From climate change and overfishing to ocean acidification and deterioration of marine ecosystems, several challenges threaten the very supply of global seafood. While many of these threats result from naturally occurring phenomena, the COVID-19 pandemic has also created disruption at every step of the aquaculture food system chain. However, every challenge eventually highlights one key aspect – the preservation measures in the seafood farming and processing industries.

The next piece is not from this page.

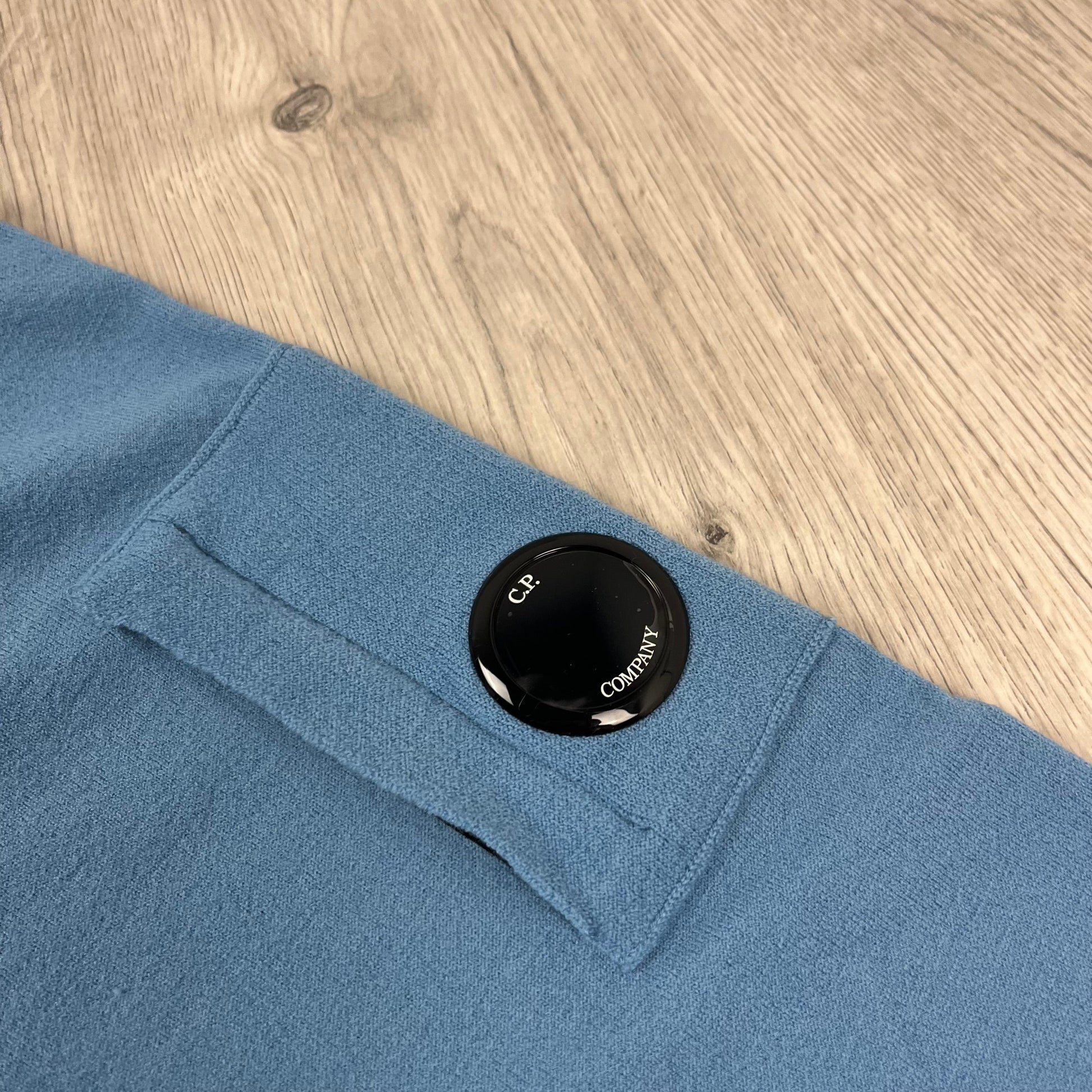 Aegean Blue CP Company Merino Wool crewneck sweatshirt with sleeve lens

As a leading global provider of advanced food preservation and cooling technology, the experts at Deepchill Solutions Inc. (previously Sunwell) have first-hand experience in addressing some of the challenges faced by businesses in the seafood industry. Read on for deeper insights and learn how choosing the suitable slurry ice system can potentially expand your business’s distribution reach and profitability.

Current Struggles of the Seafood Industry

Aquaculture farmers and processing businesses have always faced unique challenges due to the nature of the marine organisms and the high degree of handling involved. Factors such as  timing, temperature control limitations, hygiene priorities, and contaminant concerns drive the industry dynamics, while your business focuses on:

  • Enhancing product quality, yield, and shelf life
  • Reducing waste and improving operational efficiency
  • Increasing productivity and optimizing your business costs
  • Expanding your reach and delivering high-quality, safe seafood products to your consumers

Everyone is clamouring for a fresher, better quality, well priced product that can give you an edge over your competitors. Whether you are an entrepreneur, business leader, plant engineer, or Quality Assurance (QA) expert, here are some of the top challenges that you may be familiar with in the aquaculture sector:

  • Labour Costs: The aquaculture production sector relies heavily on labour, which has and will continue to be impacted by the global pandemic. While prolonged lockdowns have restricted the movement of people and merchandise, future travel barriers may create shortages in seasonal or migrant workers, and financial or cash flow issues may lead to increased labour layoffs. This means, for the available labour, businesses continue to pay a hefty premium.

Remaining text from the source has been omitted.